3. Materials and Methods

3.1. Experimental Setup

3.1.1. Agar Gel

The investigation of MRTI performances was performed on a 3% agar gel phantom. Agar gel is widely adopted in MRI studies due to its similarity with biological soft tissue properties. In particular, for the PRF technique, its suitability has been demonstrated in a wide temperature range and the correlation between PRF shift and temperature change in agar gel is approximately linear [42]. The gel was prepared adding 30 g of noble agarose in 1 L of milli-Q water and then heating and blending the solution with a magnetic stirrer hot plate until the agarose was completely dissolved. Overboiling of the solution was avoided as the evaporation may alter the final percentage of agarose in the gel. Afterwards, the solution was placed at 4 °C for the solidification and for preventing the gel from drying out.

3.1.2. Customized Box

An ad hoc three-dimensional (3D) printed box in polylactic acid was fabricated to control the relative positioning of the FBGs and the laser fiber inside the phantom. The gel phantom perfectly fitted inside the parallelepiped shaped box (Figure 2a). The setup accurately arranged the laser optical applicator and the FBGs inside the gel, and adjustment of the relative distance among them due to the pattern shown in Figure 2a, characterizing both the top and bottom surfaces. The central hole is meant for housing the laser applicator, all the others offer a wide range of possible collocation for the FBGs array. The farthest holes from the center were aimed at the insertion in the gel of an MRI-compatible optical probe (Luxtron probe, LumaSense Technologies, Santa Clara, CA, USA) for measuring the initial temperature (about 22 °C).
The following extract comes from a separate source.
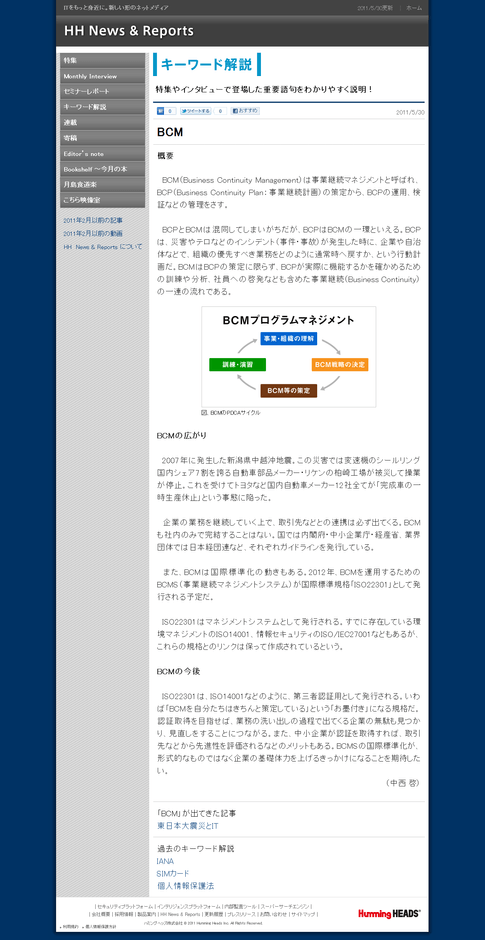 「HH News & Reports」で取り上げた特集・インタビュー記事の中からIT関連の重要語句をピックアップし、紹介します。今回は「BCM」。
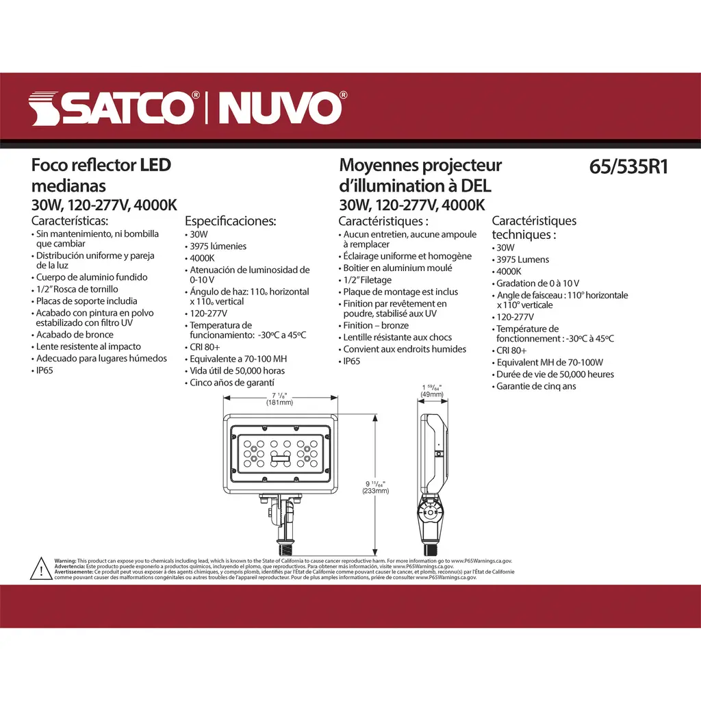 LED Medium Flood Light - 30W - 4000K - Bronze Finish - 100V-277V - Dimmable

Detail in Figure 2b,c show how the fluoroptic sensor, FBGs array, and laser applicator were arranged within the pattern on the box top side. While, Figure 2d shows their relative distances. The fiber was inserted orthogonally to the phantom and parallel to the laser applicator which was about 10 mm deep in the gel. The 3D-printed box was then inserted inside a bigger holder, filled with water, in order to perform the experiments with the agar gel immersed in water leading to two major benefits. The surrounding water is responsible for keeping the agar gel hydrated and it prevents image distortion at the edges of the object, smoothing the drastic change in magnetic susceptibility thanks to agarose–water interface instead of agarose–air one.

3.1.3. Laser

Laser ablation was performed by laser diode (975 nm, LuOcean Mini 4, Lumics, Berlin, Germany) placed immediately outside from the MR room, delivering the radiation to an MR-compatible fiber applicator (core of diameter 365 μm, THORLABS, Dachau, Germany). It operated with a power of 1.1 W for 3.5 min on the same 3% agar gel.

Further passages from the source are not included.